Dei due volumi in cui si divide l'album, il primo - affidato quasi esclusivamente alla voce e alla chitarra di Hinson - sembra anche il più debole: la colpa è in parte della scelta di una serie di brani obiettivamente troppo ingombranti, in parte della mancanza di personalità delle riletture offerte dal songwriter americano, dalla dylaniana "The Times They Are A-Changin'" a "Suzanne" di Leonard Cohen.
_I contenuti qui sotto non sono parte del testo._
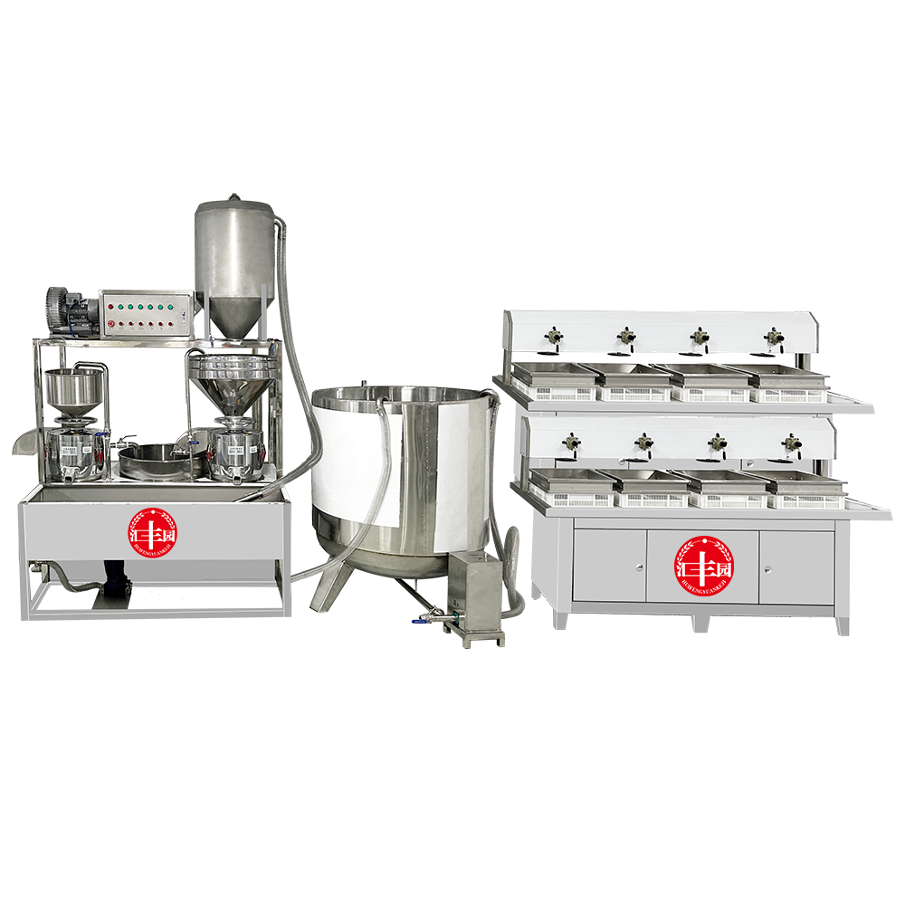 我公司生產(chǎn)豆腐機(jī)在國(guó)內(nèi)是較早的企業(yè),多年來(lái)通過(guò)對(duì)設(shè)備的不斷改進(jìn),利用現(xiàn)代科技與傳統(tǒng)工藝的完美結(jié)合。使設(shè)備外觀設(shè)計(jì)美觀、智能化高,操作簡(jiǎn)單,主要有自動(dòng)上豆系統(tǒng)、磨漿機(jī)系統(tǒng)、拌渣提升系統(tǒng)、煮漿桶(蒸氣機(jī)用戶自備)、成型機(jī)等組成。機(jī)器采用不銹鋼制造,干凈衛(wèi)生,技術(shù)領(lǐng)先,質(zhì)量可靠,經(jīng)久耐用。實(shí)現(xiàn)了批量生產(chǎn)過(guò)程自動(dòng)化,具有高效、省時(shí)、耗能低等優(yōu)點(diǎn)。采用先進(jìn)空真上豆技術(shù)和連續(xù)磨漿技術(shù),瞬間加熱工藝,保證了蛋白質(zhì)不受破壞,從而使生產(chǎn)出來(lái)的豆制品營(yíng)養(yǎng)更豐富,味道更鮮美。工藝流程: 將浸泡好的黃豆由高速分離磨漿機(jī)加工,排出豆渣,產(chǎn)出的豆?jié){經(jīng)過(guò)蒸汽加熱達(dá)到去腥,并煮漿均質(zhì),并添加輔助原料消泡、凝固劑(如鹵水、石膏、內(nèi)脂、酸漿等)、成型和深加工處理便可產(chǎn)生出營(yíng)養(yǎng)豐富的豆制品如:豆?jié){、豆腐腦、豆腐、豆桿、豆皮、素雞、豆泡等制品,適用于大型賓館、超市、企業(yè)食堂、工程店及食品廠批量加工使用。

Atmosfere da vecchio juke-box ed una ruvida elettricità fanno invece da scenario al secondo capitolo dell'album, tra una leziosa "Are You Lonesome Tonight?" a una "In The Pines" quasi grunge: il risultato, tuttavia, non cambia troppo e l'accostamento tra melodie evergreen e spartane distorsioni mostra presto la corda.
Eppure, il songwriter americano dimostra di non avere dimenticato l'arte di immedesimarsi nell'opera altrui per trarne qualcosa di nuovo: lo si intuisce di fronte alla cullante dolcezza di arpeggi e organo che accompagna il ritmo scheletrico di "We Almost Had A Baby", firmata dalla giovane cantautrice Emmy The Great; oppure quando la drammaticità della beatlesiana "While My Guitar Gently Weeps" si veste di un gioco di voci filtrate, tintinnii e vibrazioni elettriche degne di un apocrifo degli Sparklehorse.
Alla fine, All Dressed Up And Smelling Of Strangers rimane in sostanza un'occasione persa: a quanto pare, Micah P. Hinson non è ancora pronto a fare i conti con il proprio albero genealogico.


A call to arms


SaboteursE dopo il tempo della riconciliazione con sè stesso e con il proprio retaggio, per Micah P. Hinson giunge il tempo della battaglia. Una chiamata alle armi, come annuncia l'ouverture impressionistica che fa da prologo al quarto album vero e proprio del songwriter texano, The Pioneer Saboteurs. Un appello al cuore di chi è disposto a mettersi in guerra con il mondo: "I pionieri sabotatori hanno il cuore pieno di rabbia. Guardiamo il mondo cambiare e non ci piace quello che vediamo".
A fare da icona, una dark lady dalla pistola spianata, pronta a virare verso territori di noir tarantiniano un immaginario in bianco e nero ormai inconfondibile. A fare da guida, i versi di Walt Whitman sull'epopea della frontiera americana, pronti a infiammare gli animi e a spronare alla lotta. Hinson e i suoi indomiti guastatori alzano lo sguardo per riconquistare la loro missione di uomini: "Il cielo ci guarda e ci chiede che cosa stiamo facendo di noi stessi. Chi vuole prendere in mano le armi?".
Lo spirito del sabotatore non accetta che il grido venga messo a tacere. Lo spirito del pioniere non accetta che le radici si fossilizzino nel passato. Hinson dà voce all'ambizione, si avventura verso il confine: dopo l'inciampo di All Dressed Up And Smelling Of Strangers, alza la posta e sfida lo stereotipo del folksinger con un disco più ardimentoso che mai. Eppure, stavolta sembra che sia l'amore per l'idea a prevalere su quello per il contenuto: e le canzoni di The Pioneer Saboteurs, nonostante la veste imponente e l'ampiezza delle orchestrazioni, finiscono per rimanere un gradino più in basso rispetto allo struggimento pacificato del precedente The Red Empire Orchestra o alla forza evocativa di The Opera Circuit.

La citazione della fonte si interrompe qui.